▸ What you are asked to do
Could the entries below be reproduced exactly, with the images removed?

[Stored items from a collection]
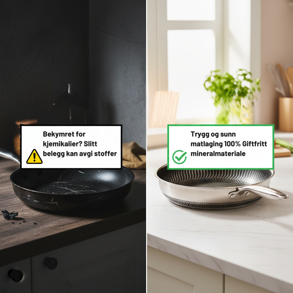 Alt dette – helt uten Teflon, PFAS eller PFOA. Restaurantresultater hjemme, uten å ofre helsen din.
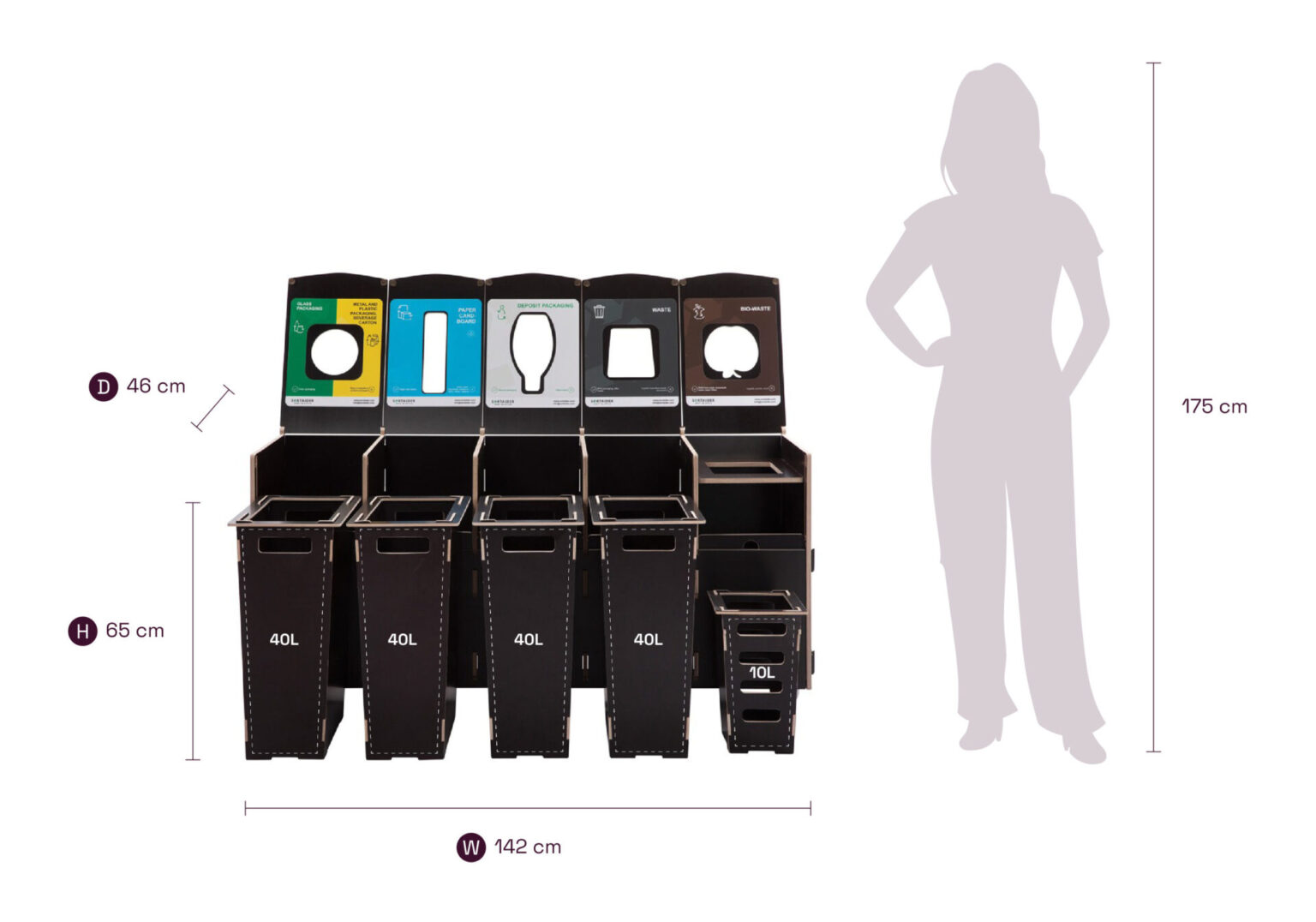 Varje återvinningsbehållare levereras färdigmonterad i en säker, återvinningsbar förpackning – redo att användas direkt ur kartongen. Förpackningen är tillverkad av återvunnet material och säkerställer att produkten levereras säkert med minimal miljöpåverkan.
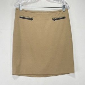 Calvin Klein Beige Skit Sz 10P Gold Zipper Accent Stretch Straight Pencil Skirt Shipping ( in 1 business day.)
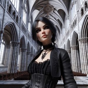«Gothic Woman with black hair standing In a Gothic cathedral»
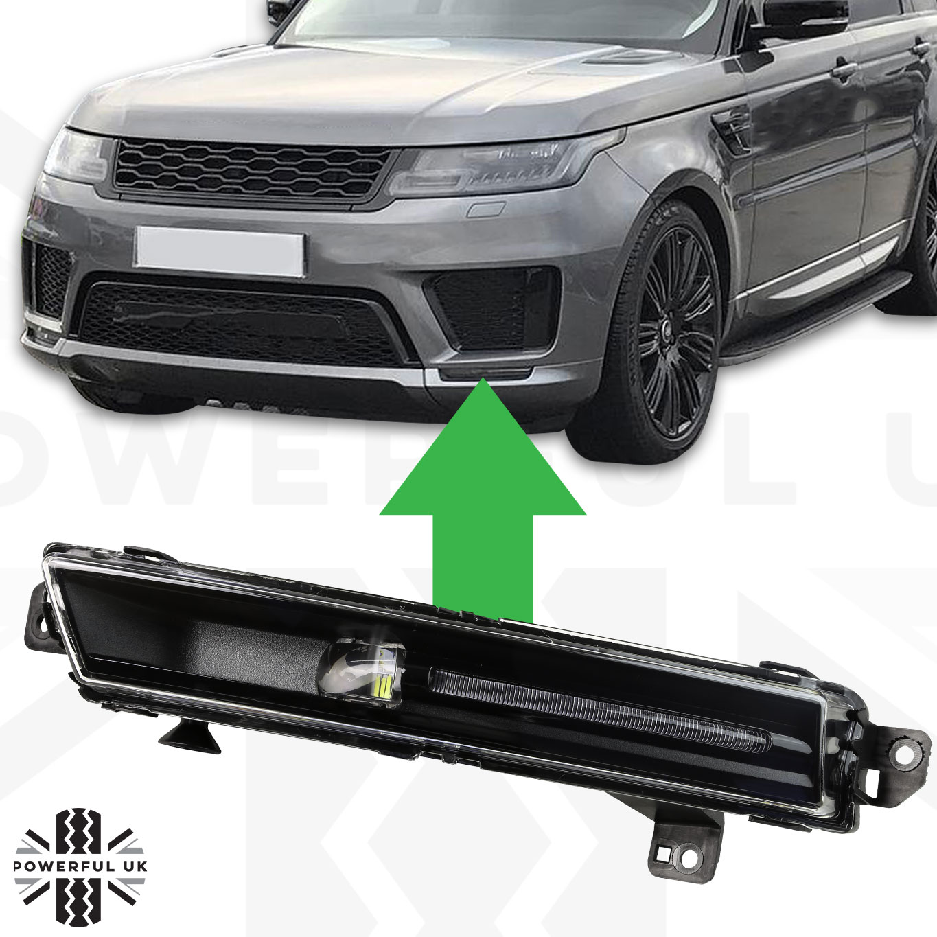 These lamps fit into the front bumper of the Range Rover Sport L494 facelift model which was introduced in 2018.
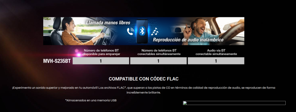 El nuevo MVH-S235BT cuenta con tecnología inalámbrica Bluetooth incorporada para una función manos libres más fácil y segura de operar mientras conduces. Además, podrás disfrutar del control y la transmisión de audio inalámbricos.
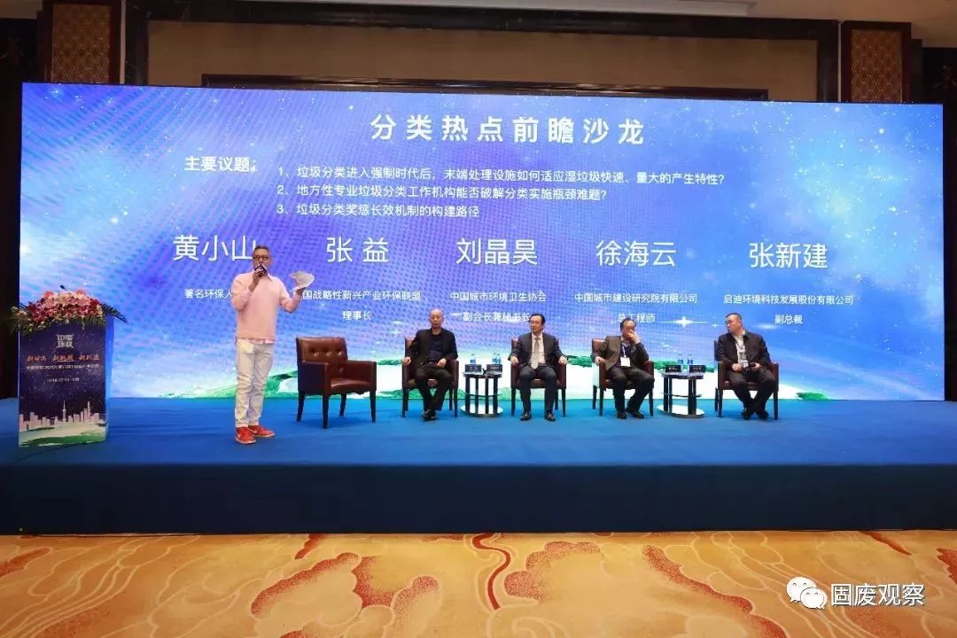 在分類熱點前瞻沙龍環(huán)節(jié),中國戰(zhàn)略性新興產(chǎn)業(yè)環(huán)保聯(lián)盟理事長張益、中國城市環(huán)境衛(wèi)生協(xié)會副會長兼秘書長劉晶昊、中國城市建設研究院有限公司總工程師徐海云、啟迪環(huán)境科技發(fā)展股份有限公司副總裁張新建針對垃圾分類趨勢、經(jīng)濟投入、廚余垃圾設施匹配性、廚余垃圾技術路線等熱點進行了分享和探討。
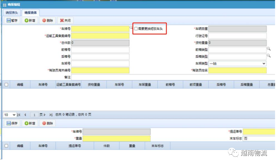 为解决短驳车辆舱单确报信息的申报,系统在舱单确 报页面增加了 “需要更换短驳车头”的选择项,勾选后 企业只需要维护好除车牌号码、车头重量之外的信息,系 统会根据舱单/载货清单对应的原车牌和短驳车牌对应关系进行替换后自动申报。
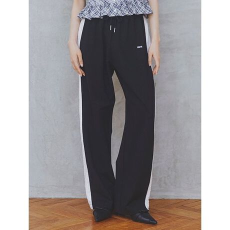 太め巾のレース生地のサイドラインが女性らしさを演出するパンツ。切り替え部分にコード入りのパイピングを挟み込み、左脇にはFURFURロゴ刺繍をあしらいました。フェミニンとスポーティな要素を掛け合わせたアイテムになっており、ストレートなシルエットでどんなコーディネートにも合わせやすいのも嬉しいポイントです。
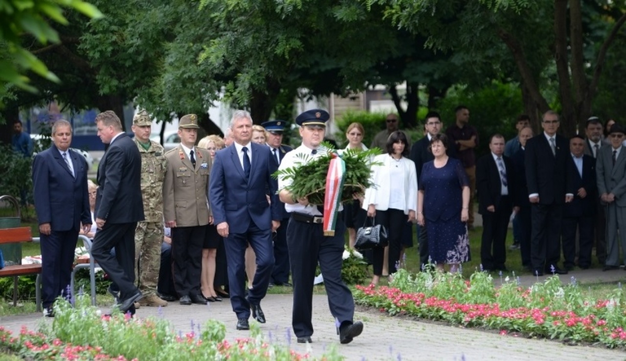 A rendezvényen dr. Róna Tamás, a kecskeméti körzet főrabbija mondott emlékező beszédet, melyet a himnusz sorainak idézésével kezdett, amit szerinte minden időben újra kell értelmezni.
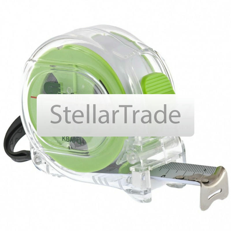 Рулетка Кварц СИБРТЕХ 325211 300Купить!тг.Stellartrade.kzДоставка: из АлматыПожаловатьсяРулетка Сибртех Кварц 32521 с полотном размером 5 м х 19 мм, в прозрачном корпусе, с амортизатором, будет полезна для измерения длины конструкций, строительных материалов и т.д. Пригодится на строител еще→ьной площадке, в гараже, мастерской и в быту. Преимущества Долговечность и надежность - корпус из поликарбоната с амортизатором защищен от внешних воздействий и не
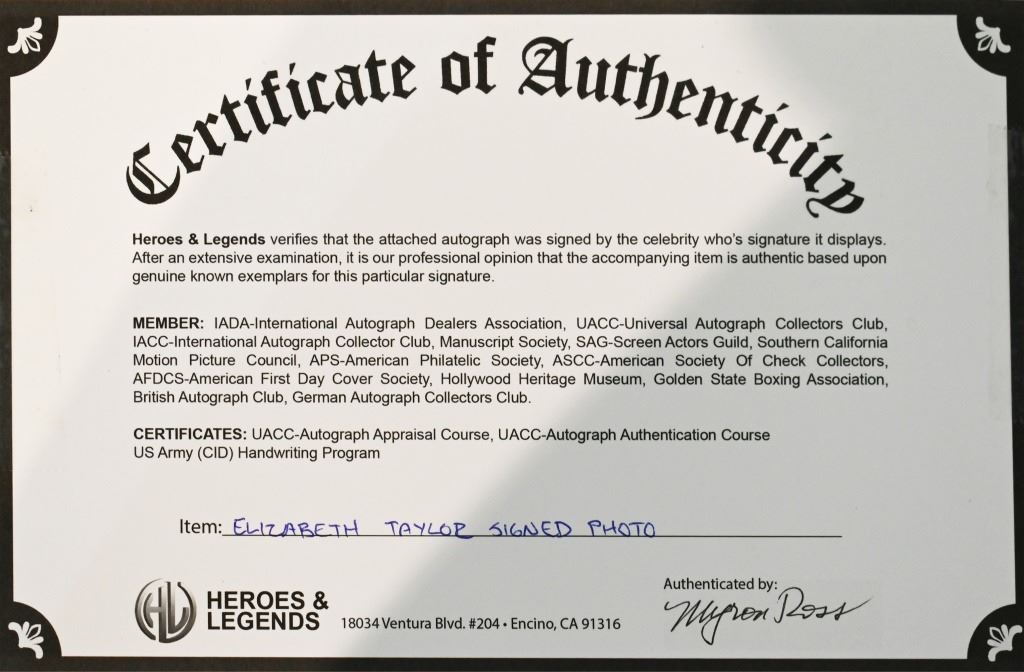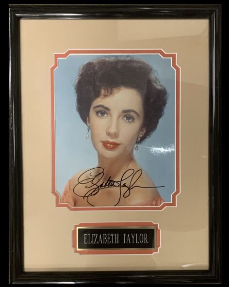 Elizabeth Taylor signed photo in custom frame. 13x17 inches. The signed photo is 8 x 10 inches. HL2857
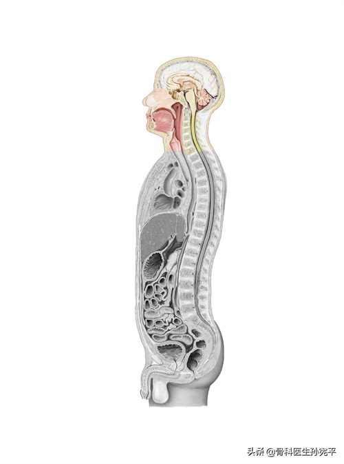 隆椎(C7):棘突最长且不分叉,体表容易触及,常作为体表定位使用。颈7横突孔可有可无,一般不通过椎动脉。椎动脉的走行:颈6横突孔→颈1横突孔→枕骨大孔→颅腔。

▸ Exercise output
 Alt dette – helt uten Teflon, PFAS eller PFOA. Restaurantresultater hjemme, uten å ofre helsen din.
 Varje återvinningsbehållare levereras färdigmonterad i en säker, återvinningsbar förpackning – redo att användas direkt ur kartongen. Förpackningen är tillverkad av återvunnet material och säkerställer att produkten levereras säkert med minimal miljöpåverkan.
 Calvin Klein Beige Skit Sz 10P Gold Zipper Accent Stretch Straight Pencil Skirt Shipping ( in 1 business day.)
«Gothic Woman with black hair standing In a Gothic cathedral»
 These lamps fit into the front bumper of the Range Rover Sport L494 facelift model which was introduced in 2018.
 El nuevo MVH-S235BT cuenta con tecnología inalámbrica Bluetooth incorporada para una función manos libres más fácil y segura de operar mientras conduces. Además, podrás disfrutar del control y la transmisión de audio inalámbricos.
 在分類熱點前瞻沙龍環(huán)節(jié),中國戰(zhàn)略性新興產(chǎn)業(yè)環(huán)保聯(lián)盟理事長張益、中國城市環(huán)境衛(wèi)生協(xié)會副會長兼秘書長劉晶昊、中國城市建設研究院有限公司總工程師徐海云、啟迪環(huán)境科技發(fā)展股份有限公司副總裁張新建針對垃圾分類趨勢、經(jīng)濟投入、廚余垃圾設施匹配性、廚余垃圾技術路線等熱點進行了分享和探討。
 为解决短驳车辆舱单确报信息的申报,系统在舱单确 报页面增加了 “需要更换短驳车头”的选择项,勾选后 企业只需要维护好除车牌号码、车头重量之外的信息,系 统会根据舱单/载货清单对应的原车牌和短驳车牌对应关系进行替换后自动申报。
 太め巾のレース生地のサイドラインが女性らしさを演出するパンツ。切り替え部分にコード入りのパイピングを挟み込み、左脇にはFURFURロゴ刺繍をあしらいました。フェミニンとスポーティな要素を掛け合わせたアイテムになっており、ストレートなシルエットでどんなコーディネートにも合わせやすいのも嬉しいポイントです。
 A rendezvényen dr. Róna Tamás, a kecskeméti körzet főrabbija mondott emlékező beszédet, melyet a himnusz sorainak idézésével kezdett, amit szerinte minden időben újra kell értelmezni.
 Рулетка Кварц СИБРТЕХ 325211 300Купить!тг.Stellartrade.kzДоставка: из АлматыПожаловатьсяРулетка Сибртех Кварц 32521 с полотном размером 5 м х 19 мм, в прозрачном корпусе, с амортизатором, будет полезна для измерения длины конструкций, строительных материалов и т.д. Пригодится на строител еще→ьной площадке, в гараже, мастерской и в быту. Преимущества Долговечность и надежность - корпус из поликарбоната с амортизатором защищен от внешних воздействий и не
 Elizabeth Taylor signed photo in custom frame. 13x17 inches. The signed photo is 8 x 10 inches. HL2857
 隆椎(C7):棘突最长且不分叉,体表容易触及,常作为体表定位使用。颈7横突孔可有可无,一般不通过椎动脉。椎动脉的走行:颈6横突孔→颈1横突孔→枕骨大孔→颅腔。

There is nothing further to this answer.